LISTED RECORDS Block Start

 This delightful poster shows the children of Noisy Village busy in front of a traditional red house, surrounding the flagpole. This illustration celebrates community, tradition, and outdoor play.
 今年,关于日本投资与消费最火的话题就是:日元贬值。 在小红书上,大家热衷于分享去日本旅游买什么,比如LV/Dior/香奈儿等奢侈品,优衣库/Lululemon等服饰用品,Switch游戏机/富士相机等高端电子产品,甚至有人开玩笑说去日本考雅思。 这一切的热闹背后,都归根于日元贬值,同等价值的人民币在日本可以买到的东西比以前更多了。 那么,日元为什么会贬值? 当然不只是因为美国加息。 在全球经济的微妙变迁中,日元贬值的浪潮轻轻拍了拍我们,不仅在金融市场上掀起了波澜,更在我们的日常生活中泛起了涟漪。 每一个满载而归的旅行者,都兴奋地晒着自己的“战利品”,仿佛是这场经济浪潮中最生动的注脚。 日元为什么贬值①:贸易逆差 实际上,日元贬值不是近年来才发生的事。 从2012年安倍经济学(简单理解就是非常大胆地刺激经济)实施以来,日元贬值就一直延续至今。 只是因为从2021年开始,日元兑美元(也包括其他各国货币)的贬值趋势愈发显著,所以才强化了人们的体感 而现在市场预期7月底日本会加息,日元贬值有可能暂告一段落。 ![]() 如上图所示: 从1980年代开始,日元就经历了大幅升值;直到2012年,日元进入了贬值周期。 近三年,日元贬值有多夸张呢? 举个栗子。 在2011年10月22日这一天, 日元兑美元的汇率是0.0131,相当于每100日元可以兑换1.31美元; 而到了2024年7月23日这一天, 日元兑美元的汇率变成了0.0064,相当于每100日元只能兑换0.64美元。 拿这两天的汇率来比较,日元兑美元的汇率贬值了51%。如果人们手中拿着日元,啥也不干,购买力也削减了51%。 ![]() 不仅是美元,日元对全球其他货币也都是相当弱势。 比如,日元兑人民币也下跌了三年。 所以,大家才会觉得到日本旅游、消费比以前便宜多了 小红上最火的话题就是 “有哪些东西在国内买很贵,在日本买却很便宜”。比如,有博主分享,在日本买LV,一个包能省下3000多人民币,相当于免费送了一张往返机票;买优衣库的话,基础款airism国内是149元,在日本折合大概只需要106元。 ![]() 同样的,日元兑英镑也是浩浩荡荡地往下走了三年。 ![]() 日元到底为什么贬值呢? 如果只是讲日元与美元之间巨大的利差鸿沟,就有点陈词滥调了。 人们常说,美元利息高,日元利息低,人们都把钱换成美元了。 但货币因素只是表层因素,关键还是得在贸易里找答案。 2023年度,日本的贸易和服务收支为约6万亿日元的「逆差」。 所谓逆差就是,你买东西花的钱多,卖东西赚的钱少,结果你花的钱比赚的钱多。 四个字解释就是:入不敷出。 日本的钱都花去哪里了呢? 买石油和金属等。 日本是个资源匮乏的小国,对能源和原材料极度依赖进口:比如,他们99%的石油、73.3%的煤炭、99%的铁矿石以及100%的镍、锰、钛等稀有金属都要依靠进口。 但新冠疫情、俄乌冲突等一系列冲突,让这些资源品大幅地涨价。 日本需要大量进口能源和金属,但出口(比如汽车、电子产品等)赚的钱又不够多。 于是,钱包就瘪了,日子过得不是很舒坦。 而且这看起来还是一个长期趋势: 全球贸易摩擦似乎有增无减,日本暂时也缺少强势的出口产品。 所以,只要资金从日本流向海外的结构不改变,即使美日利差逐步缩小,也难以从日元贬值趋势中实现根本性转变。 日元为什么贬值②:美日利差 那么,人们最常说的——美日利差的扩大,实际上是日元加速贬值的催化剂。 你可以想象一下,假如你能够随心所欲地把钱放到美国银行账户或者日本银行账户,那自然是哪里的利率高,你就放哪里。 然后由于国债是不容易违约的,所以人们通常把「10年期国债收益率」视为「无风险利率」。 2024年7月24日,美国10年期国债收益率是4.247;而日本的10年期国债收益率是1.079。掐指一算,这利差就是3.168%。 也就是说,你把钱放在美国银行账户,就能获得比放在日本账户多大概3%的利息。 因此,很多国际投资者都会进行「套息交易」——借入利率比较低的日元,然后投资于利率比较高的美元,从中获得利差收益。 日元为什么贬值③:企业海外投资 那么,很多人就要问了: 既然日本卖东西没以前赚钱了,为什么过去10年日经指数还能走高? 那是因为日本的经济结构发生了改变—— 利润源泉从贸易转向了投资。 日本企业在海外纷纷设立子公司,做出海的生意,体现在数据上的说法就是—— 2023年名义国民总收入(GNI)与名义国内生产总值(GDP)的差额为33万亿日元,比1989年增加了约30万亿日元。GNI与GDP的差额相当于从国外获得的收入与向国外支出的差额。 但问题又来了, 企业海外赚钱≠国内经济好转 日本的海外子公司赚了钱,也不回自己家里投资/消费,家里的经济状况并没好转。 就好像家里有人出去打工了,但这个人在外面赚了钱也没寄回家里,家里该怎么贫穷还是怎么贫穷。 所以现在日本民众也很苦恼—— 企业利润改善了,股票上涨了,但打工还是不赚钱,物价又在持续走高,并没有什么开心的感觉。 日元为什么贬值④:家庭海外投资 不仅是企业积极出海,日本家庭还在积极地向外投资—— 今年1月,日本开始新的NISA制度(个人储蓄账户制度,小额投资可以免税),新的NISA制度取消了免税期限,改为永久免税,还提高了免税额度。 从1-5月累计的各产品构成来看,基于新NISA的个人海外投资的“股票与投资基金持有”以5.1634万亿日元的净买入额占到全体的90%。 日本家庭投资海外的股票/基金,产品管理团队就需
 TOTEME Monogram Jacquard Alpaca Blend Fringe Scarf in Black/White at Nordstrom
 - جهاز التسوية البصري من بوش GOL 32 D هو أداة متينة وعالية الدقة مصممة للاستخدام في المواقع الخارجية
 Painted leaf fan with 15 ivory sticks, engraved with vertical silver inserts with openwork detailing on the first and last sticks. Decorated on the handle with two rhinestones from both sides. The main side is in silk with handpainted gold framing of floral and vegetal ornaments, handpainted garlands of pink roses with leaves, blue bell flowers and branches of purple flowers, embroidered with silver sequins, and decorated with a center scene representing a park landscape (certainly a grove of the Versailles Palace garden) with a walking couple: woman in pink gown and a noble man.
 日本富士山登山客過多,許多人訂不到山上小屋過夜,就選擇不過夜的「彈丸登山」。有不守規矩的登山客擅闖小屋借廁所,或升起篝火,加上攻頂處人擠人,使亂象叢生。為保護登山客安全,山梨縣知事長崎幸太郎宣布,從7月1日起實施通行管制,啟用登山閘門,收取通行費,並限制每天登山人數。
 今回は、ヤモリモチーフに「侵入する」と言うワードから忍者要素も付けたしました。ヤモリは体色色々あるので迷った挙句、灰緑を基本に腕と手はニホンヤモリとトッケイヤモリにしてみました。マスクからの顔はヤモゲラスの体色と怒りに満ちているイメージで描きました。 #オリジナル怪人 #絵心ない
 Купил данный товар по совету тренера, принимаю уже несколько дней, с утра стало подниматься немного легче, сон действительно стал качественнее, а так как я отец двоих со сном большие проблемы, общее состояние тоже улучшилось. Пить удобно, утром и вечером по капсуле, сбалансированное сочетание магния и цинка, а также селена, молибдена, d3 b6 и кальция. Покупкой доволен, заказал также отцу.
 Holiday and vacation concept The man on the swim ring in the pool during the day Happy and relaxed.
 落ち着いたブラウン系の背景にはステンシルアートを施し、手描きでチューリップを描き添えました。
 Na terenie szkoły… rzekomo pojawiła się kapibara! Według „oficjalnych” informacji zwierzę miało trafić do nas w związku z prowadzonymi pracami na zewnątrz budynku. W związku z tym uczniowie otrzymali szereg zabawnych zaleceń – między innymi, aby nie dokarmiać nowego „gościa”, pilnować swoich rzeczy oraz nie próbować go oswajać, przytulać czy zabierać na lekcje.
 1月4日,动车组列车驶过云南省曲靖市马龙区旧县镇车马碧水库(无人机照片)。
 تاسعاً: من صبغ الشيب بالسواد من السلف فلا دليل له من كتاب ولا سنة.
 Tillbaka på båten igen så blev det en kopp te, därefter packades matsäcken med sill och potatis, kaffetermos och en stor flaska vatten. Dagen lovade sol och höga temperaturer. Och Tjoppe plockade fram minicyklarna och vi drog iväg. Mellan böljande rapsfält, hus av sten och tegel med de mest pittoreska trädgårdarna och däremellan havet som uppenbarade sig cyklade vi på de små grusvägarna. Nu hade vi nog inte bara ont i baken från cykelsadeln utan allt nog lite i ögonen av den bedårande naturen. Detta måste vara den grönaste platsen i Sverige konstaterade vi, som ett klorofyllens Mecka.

LISTED RECORDS Block End

■ WORK ITEM ■
Among the records above, a stretch begins at the line containing "TOTEME Monogram Jacquard" and ends at the line containing "تاسعاً: من صبغ". Restate that stretch word for word, and nothing else.

■ TASK RESULT ■
 TOTEME Monogram Jacquard Alpaca Blend Fringe Scarf in Black/White at Nordstrom
 - جهاز التسوية البصري من بوش GOL 32 D هو أداة متينة وعالية الدقة مصممة للاستخدام في المواقع الخارجية
 Painted leaf fan with 15 ivory sticks, engraved with vertical silver inserts with openwork detailing on the first and last sticks. Decorated on the handle with two rhinestones from both sides. The main side is in silk with handpainted gold framing of floral and vegetal ornaments, handpainted garlands of pink roses with leaves, blue bell flowers and branches of purple flowers, embroidered with silver sequins, and decorated with a center scene representing a park landscape (certainly a grove of the Versailles Palace garden) with a walking couple: woman in pink gown and a noble man.
 日本富士山登山客過多,許多人訂不到山上小屋過夜,就選擇不過夜的「彈丸登山」。有不守規矩的登山客擅闖小屋借廁所,或升起篝火,加上攻頂處人擠人,使亂象叢生。為保護登山客安全,山梨縣知事長崎幸太郎宣布,從7月1日起實施通行管制,啟用登山閘門,收取通行費,並限制每天登山人數。
 今回は、ヤモリモチーフに「侵入する」と言うワードから忍者要素も付けたしました。ヤモリは体色色々あるので迷った挙句、灰緑を基本に腕と手はニホンヤモリとトッケイヤモリにしてみました。マスクからの顔はヤモゲラスの体色と怒りに満ちているイメージで描きました。 #オリジナル怪人 #絵心ない
 Купил данный товар по совету тренера, принимаю уже несколько дней, с утра стало подниматься немного легче, сон действительно стал качественнее, а так как я отец двоих со сном большие проблемы, общее состояние тоже улучшилось. Пить удобно, утром и вечером по капсуле, сбалансированное сочетание магния и цинка, а также селена, молибдена, d3 b6 и кальция. Покупкой доволен, заказал также отцу.
 Holiday and vacation concept The man on the swim ring in the pool during the day Happy and relaxed.
 落ち着いたブラウン系の背景にはステンシルアートを施し、手描きでチューリップを描き添えました。
 Na terenie szkoły… rzekomo pojawiła się kapibara! Według „oficjalnych” informacji zwierzę miało trafić do nas w związku z prowadzonymi pracami na zewnątrz budynku. W związku z tym uczniowie otrzymali szereg zabawnych zaleceń – między innymi, aby nie dokarmiać nowego „gościa”, pilnować swoich rzeczy oraz nie próbować go oswajać, przytulać czy zabierać na lekcje.
 1月4日,动车组列车驶过云南省曲靖市马龙区旧县镇车马碧水库(无人机照片)。
 تاسعاً: من صبغ الشيب بالسواد من السلف فلا دليل له من كتاب ولا سنة.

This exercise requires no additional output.